And the Academy Award for Best Actor in a motion picture goes to…Eddie Redmayne…for his role of Stephen Hawking in The Theory of Everything. What a moment. The cameras switched over to a very disappointed Michael Keaton who was really counting on giving his acceptance speech. That didn’t happen. The Academy gave it to the relative novice because of the masterful job he did in portraying Stephen Hawking the Nobel Prize winning physicist and a victim of ALS.
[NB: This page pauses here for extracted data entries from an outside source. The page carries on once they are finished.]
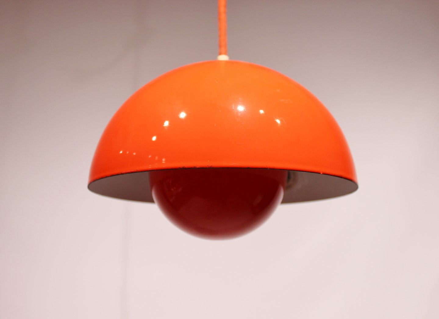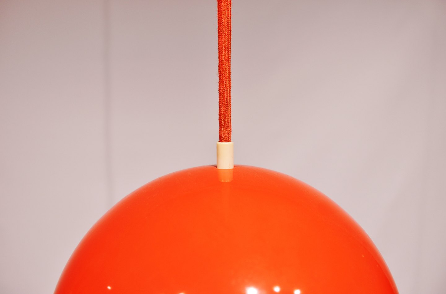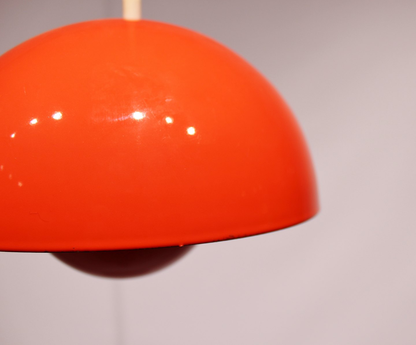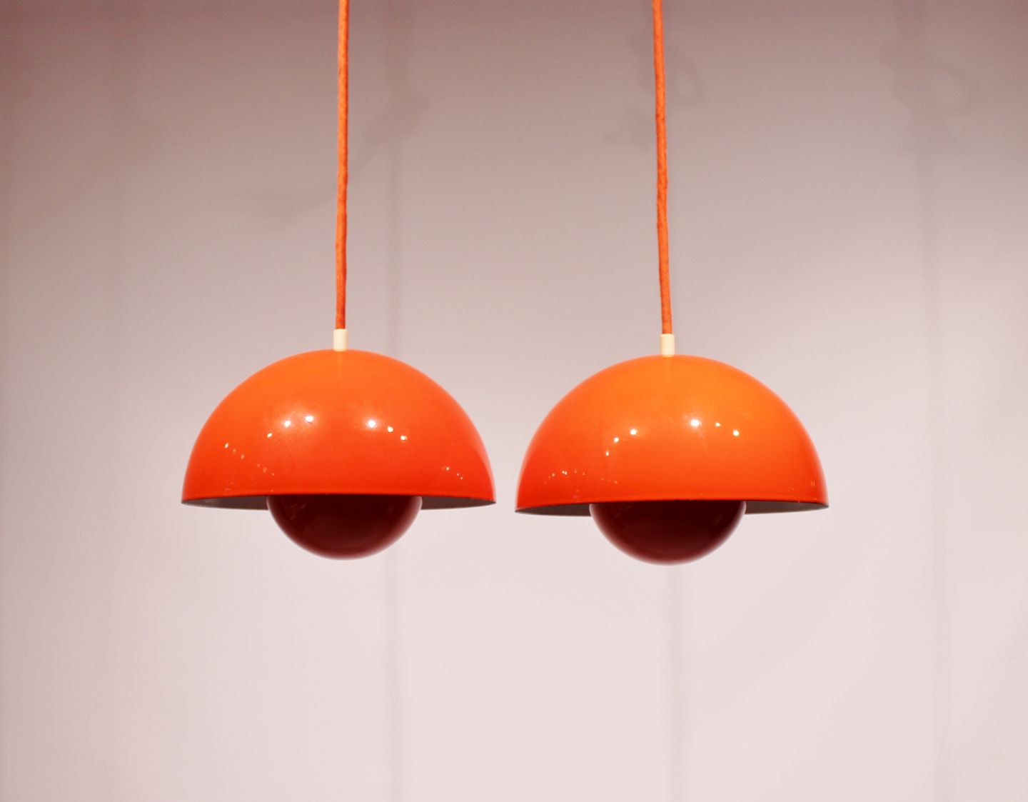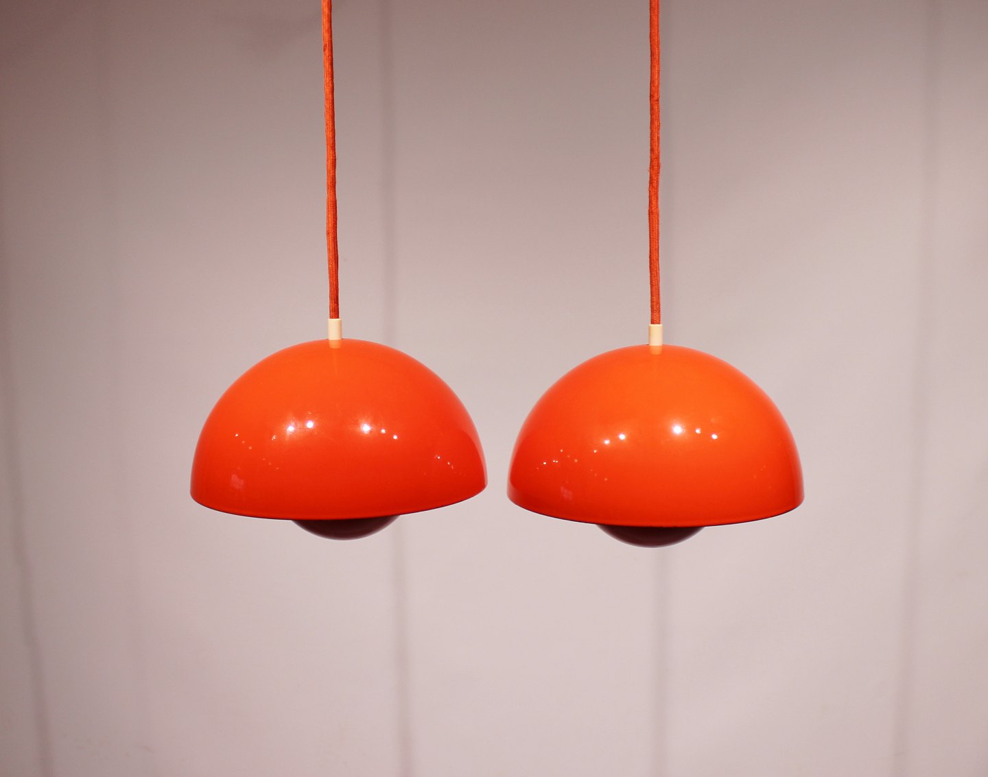 A pair of Flowerpot, model VP1, pendants in orange designed by Verner Panton in 1968 and manufactured in the 1970s.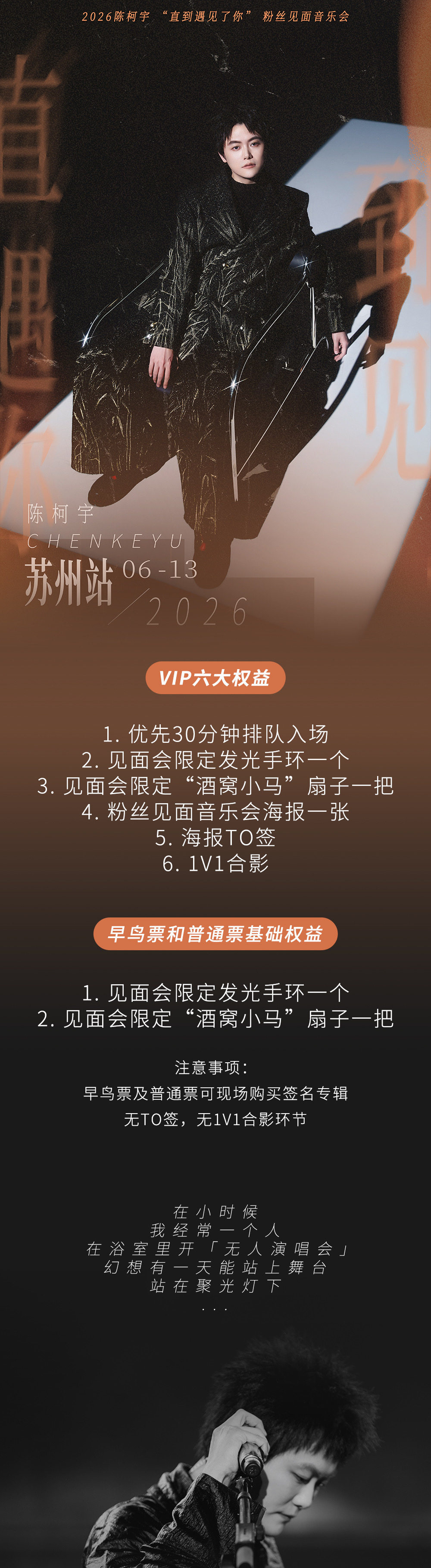 1.演出票品为特殊商品,除不可抗力因素导致演出取消外,订单不支持退换,可在平台转售; 2.演出详情仅供参考,具体以主办方公布信息及现场为准,请准时到场以免错过演出; 3.有票官方确保售出票品真实有效,请放心购买; 4.根据演出火爆情况,有票平台可能会将您所选的快递送票、上门自取等取票方式调整为现场取票,敬请谅解; 5.平台会尽力促使卖家履行交易协议,如果卖家付票过程中发生问题,本平台可协调相同或更高票挡的票品代替,否则平台将全额退款并按订单上约定的赔付方式与金额向用户进行赔付; 6.为了安全起见需要本人签收,演出快递票均为快递费到付(不包邮),请知晓!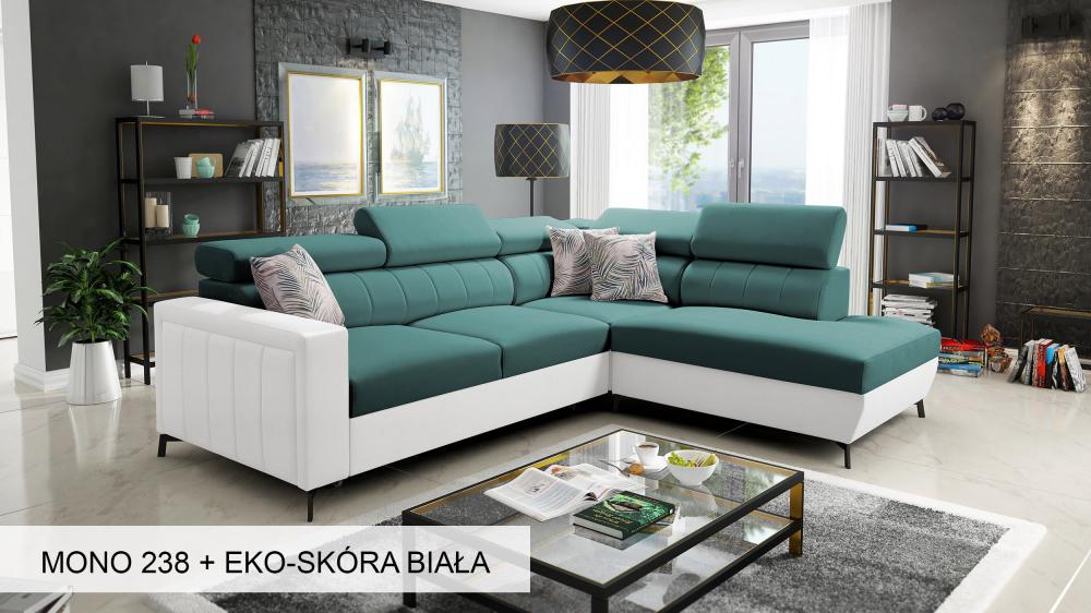 This exquisite corner sofa is available in your chosen high-quality fabric, ensuring a perfect match for your interior. Please note that this model cannot be made entirely of eco-leather, and we focus on providing a premium fabric-only upholstery experience. We offer a selection of fabrics with advanced features such as Teflon coating, which limits liquid absorption and simplifies cleaning. Other fabrics are specifically designed to limit liquid absorption, and a range of PetProof fabrics are available, reinforced to resist snagging from pet claws, ensuring your sofa remains pristine.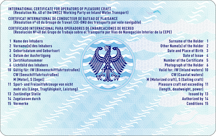 Amtlich vorgeschrieben auf allen Binnenschifffahrtsstraßen zum Führen von Sportbooten mit einer Länge von weniger als 20 m (ohne Ruder und Bugspriet), die mit einer Antriebsmaschine von mehr als 11,03 kW (15 PS, Verbrenner) bzw. 7,5 kW (10,2 PS, Elektro) ausgestattet sind.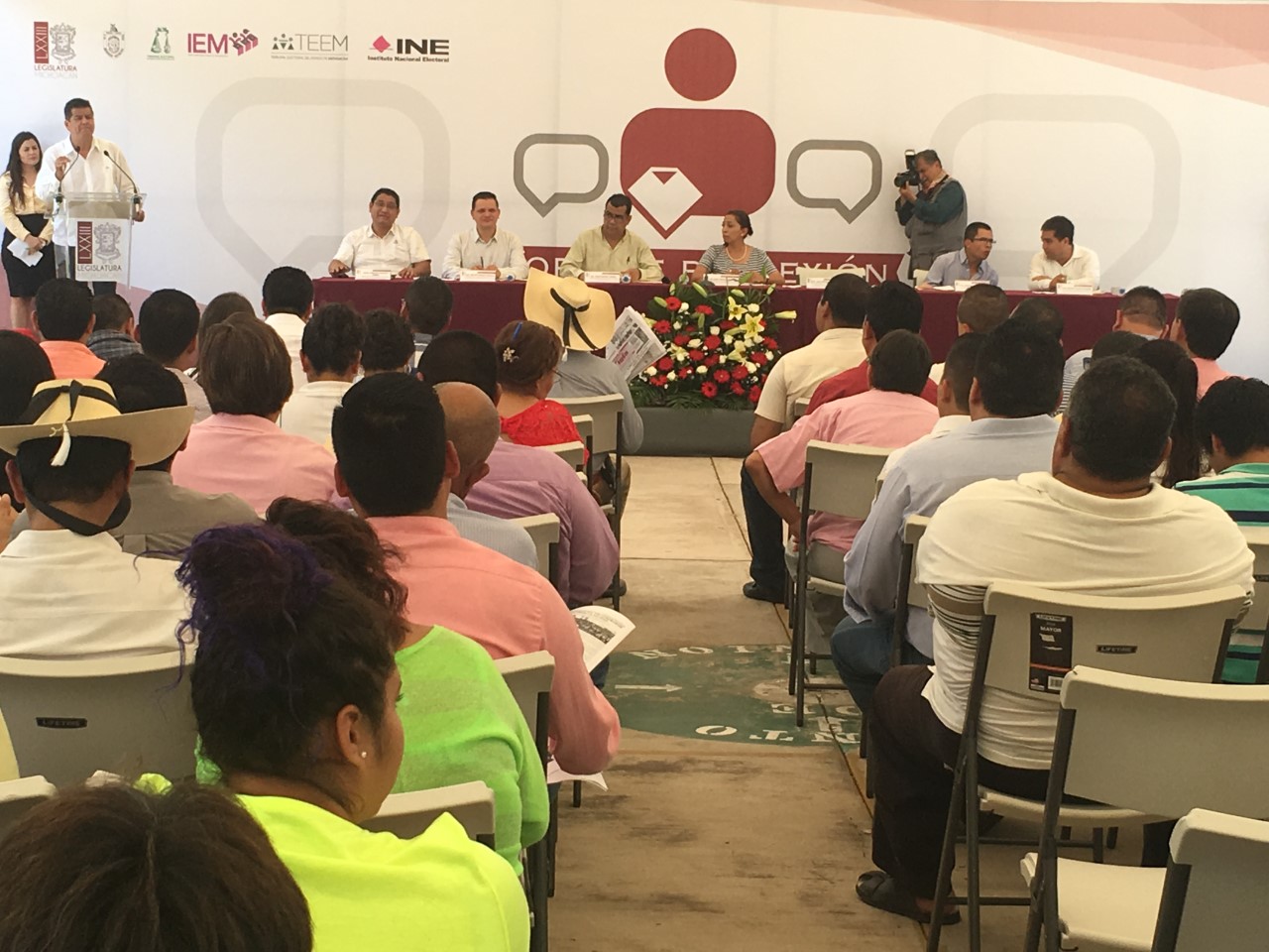 Huetamo,Mich., a 1 de septiembre de 2016.- Juan Bernardo Corona, Diputado Electo por el Distrito XVIII, acompañado de los demás integrantes de la Comisión de Asuntos Electorales del Congreso del Estado, Alma Mireya González Sánchez, Sergio Ochoa Pérez y Héctor Gómez Trujillo, dieron inicio al Foro de Reflexión Rumbo a la Reforma Electoral, esta vez, con sede en Huetamo.

Redmayne, in the tradition of many other great actors like Daniel Day-Lewis in My Left Foot, and Dustin Hoffman in Tootsie, won the award because of the difficulty of the role. It required putting himself in the place of an another and actually becoming that person. For Lewis it was the palsied Christy Brown, for Hoffman it was the role of a woman, and for Redmayne it was Hawking, who has been confined to a wheelchair and cannot speak since 1985.
Amazing performances all. The one quality that makes those roles possible: empathy.
The dictionary defines empathy as:
The art of stepping imaginatively into the shoes of another person, understanding their feelings and perspectives, and using that understanding to guide your actions.
As dentists we must master the “art” of empathy in order to be truly successful. Empathy and the habits that are necessary to develop, will be the trait that will separate dentists in the future.
We live in a time where there is a deficit of empathy. Most of us are overly concerned with ourselves rather than “the other.” It’s a paradox, but none other than the famous motivational speaker, Zig Ziglar used to say, “You will get all you want in life, if you help enough other people get what they want.”
I take nothing away from Michael Keaton and as I will explain I really liked his movie Birdman better, but as far as acting performances go Redmayne became Stephen Hawking.
You see, Birdman, Keaton’s award winning movie discussed just that sentiment. It was subtitled, The Unexpected Virtue of Ignorance. What does that mean?
It can be summed up in a scene where Keaton is arguing with a reviewer about how good an actor he is (in the movie…not in real life…seems to be his haunting theme). She tells him he’s a celebrity, not an actor.
So what is the difference? Today it’s easy to become a celebrity…yes, even in a field like dentistry. I see so many dentists who are more interested in Facebook and Twitter (a theme also revealed in Birdman—when he walked down Broadway in his whitey tighties, I guess that was the unexpected virtue of ignorance.), than in truly treating each and every patient with empathy. They want to become celebrities—smile artists.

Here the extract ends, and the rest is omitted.